Je kunt op een heleboel manieren leren omgaan met gedachten, gevoelens, emoties en pijn. De ene helft van Nederland geeft therapie en de ander helft is in therapie. Of allebei. En natuurlijk helpt dat ook. Maar het is een andere weg. Ik durf te beweren dat de weg via meditatie nog meer aan de wortel van het geheel komt. Maar dan moeten we wel echt mediteren. Het schijnt dat we wel 90% van de dingen die we doen op de automatische piloot doen. Gelukkig dat die automatische piloot er is – we hebben die nodig bij veel aspecten van het leven. Maar het is niet gelukkig dat we hem inzetten bij alle aspecten van het leven. Als we niet oppassen, gebruiken we hem ook in onze zen-oefening. Dan leren we op de automatische piloot omgaan met onze gedachten, gevoelens, emoties en pijn. Of in zen-termen: dan is het de verwarde geest die zich bewust wordt van verwarring. Je zou ook kunnen zeggen: dan gebruiken we een lachspiegel om iets te zien. En wat we dan zien is vervormd. Dat kan best leuk zijn: soms moet je lachen om wat je ziet, soms moet je erom huilen. Maar verander je er ook door? Weinig kans.

En ik denk toch dat je hier bent omdat je op een of andere manier wilt veranderen. Zelfs als je zegt “ik wil een weekje rust”, dan nog denk ik dat je die rust wilt omdat je anders wilt zijn. Je bent niet tevreden over wie je bent. Dus dat is de inzet. We willen iets veranderen. En het grote geluk is dat dat kan, omdat we eigenlijk in principe één grote verandering zijn. Maar het kan niet zolang we met de verkeerde blik kijken. Meditatie is nodig om het onszelf mogelijk te maken anders waar te nemen, ons anders bewust te worden. Dat wat zich bewust wordt, dat wat kijkt, is dat helder, is het wakker? Of zit het gewoon in dat bewustzijn van die automatische piloot? Zolang dat het geval is zal er niet veel veranderen.

Cartoon Shinyo Timmer

Cartoon Shinyo Timmer (zie ook www.ardantimmer.nl)

Daarom gaan we dus mediteren. We gebruiken de meditatie om ons in een helder en alert bewustzijn te brengen. We gebruiken de meditatie om niet te weten. Want een kenmerk van het verwarde bewustzijn is dat dat denkt het allemaal al te weten. Dus we brengen onszelf eerst helemaal in het gebied van het niet-weten. In dat gebied is alles mogelijk. Meditatie is daar een supermiddel voor. In zen gebruiken we vooral de oefening waarbij we ons op één punt richten. Daarmee stimuleer je wat ik noem het actieve bewustzijn. Dat wil zeggen dat je je niet alleen maar gewoon bewust wordt van wat er is, je stuurt ook een beetje de inhoud van je geest. Als je merkt dat je eigenlijk weer in die automatische piloot zit, haal  je jezelf onmiddellijk terug naar dat ene punt. Want zodra je ook maar iets weet, beperk je jezelf.

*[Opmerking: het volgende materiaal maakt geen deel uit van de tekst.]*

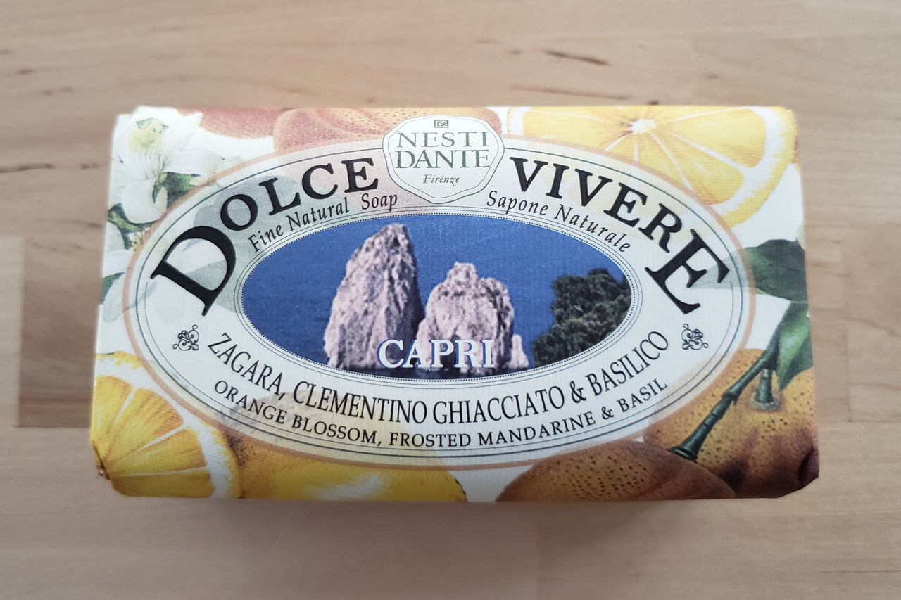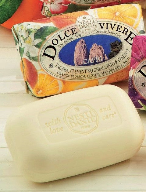 The frozen freshness of Basil and Mandarine juice, together with the intense Mediterranean touch of Orange Blossom, reveal enchanting feelings of pleasure and harmony. With a surprising and unique fragrance, this Nesti Dante soap captures the charm and romance of the myth, the legend, the art and the passion of Capri.

Als we loopmeditatie doen – het is loopmeditátie, niet gewoon maar wandelen  –  en je merkt dat je niet eens meer weet dat je loopt, maar je ziet een vogeltje en je bent ineens helemaal in Artis beland, dan breng je jezelf terug naar dat lopen. Zo stuur jij de inhoud. Dat is ook het enige wat het betekent om meester te zijn. Te kunnen sturen. Het klinkt misschien heel aangenaam, en heel luxe, om altijd door iemand gereden te worden, om een chauffeur te hebben, maar het is niet altijd handig in het leven. Dus ga je zelf aan het stuur zitten. Steeds weer haal je jezelf terug. Daarom is meditatie, zeker in die eerste dagen, ook hard werken. Als je dat niet doet, zit je misschien te dromen, misschien sta je op met een heel goed gevoel, je voelt je fantastisch, maar dat goede gevoel is ook ontstaan in dat verwarde bewustzijn. Is dat te vertrouwen? Nee, helemaal niet.

 

Daarom gaan we aan het werk. Let’s go, zei  iemand gisteren. Let’s do it. We moeten het doen. Dus voordat je je met allerlei mooie dingen gaat bezighouden of grootse projecten gaat aanpakken van ik ga deze sesshin gebruiken om… niet doen, in elk geval niet nu. Verdwijn in het niet-weten. Dat is de goede voedingsbodem.

 

Ik stel voor dat je in zazen de adem gebruikt. Dat is die ademmeditatie. Als je merkt dat je best nog wel heel actief bent, dat je nog heel veel aan het denken bent over thuis en ook hier over die Noorder Poort : wat een rare plaats, gekke rituelen allemaal en weet ik veel wat, idioot dat ze hier groene kussens hebben, dat hoort toch zwart te zijn… ga naar die adem. Je wilt weg van alle energie die nog  in dat hoofd zit, dus ga naar de adem in je buik. Beter gezegd, richt je op de beweging van die buik, die direct gekoppeld is aan de adem (want de adem zelf zit natuurlijk niet in je buik). Zeg eventueel als je inademt “in” en als je uitademt “uit”. Zorg dat je erbij blijft. Zorg dat je helemaal midden in die adem komt te zitten.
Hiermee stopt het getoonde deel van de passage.